“Hello, Eerin,” Moki said, reaching out and brushing her cheek with his knuckles. “It was a good link. I’m sorry that you weren’t with us.”
“I wish I had been,” she told them. “I came to see how you were doing. I’m concerned about you, en,” she said to Ukatonen. “You seem unhappy.”
Ukatonen nodded, a gesture he had learned from her. “It is a difficult thing to watch your world growing small enough to hold in the palm of ymir hand.”
“Are you sure that this is what you want to do?” Juna asked. “It’s not too late to turn the ship around and go back.”
“Eerin, when have I ever gone back on my word?” Ukatonen said. “You warned me that it would be difficult, but I will learn to live among your people as you learned to live among mine.”
Juna nodded. She hadn’t really expected him to change his mind. Going back would mean a loss of honor so profound that he would have had to kill himself. Still she had to remind him that the option existed.
“Then what can I do to help you adapt?”
Ukatonen shook his head. “Nothing. Everything must happen in here,” he said gesturing at himself with a long, graceful hand.
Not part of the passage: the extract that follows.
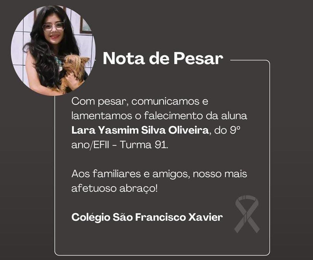 IPATINGA – Morreu no Hospital Márcio Cunha (HMC), em Ipatinga, mais uma vítima do grave acidente registrado na BR-458, próximo a Caratinga, na última sexta-feira (14). A informação foi divulgada pelo Colégio São Francisco Xavier (CSFX), onde Lara Yasmin Silva Oliveira, de 14 anos, estudava.

“And Moki, what about you?” Juna asked.
Moki rippled amusement. “You are my sitik,” he replied. “Your home is my home, your life is my life. Every day you teach me more about how to live among your people. All I need is time, and useful work to do. Though perhaps our cabin could be warmer,” he suggested, “and perhaps more— ” he paused, searching for the correct word— “water in the air.”
“Humidity,” Juna told him. “The word is humidity.” She traced the letters on his arm, showing him how it was spelled. The word flared on his chest several times as he memorized it. Ukatonen practiced the word along with Moki.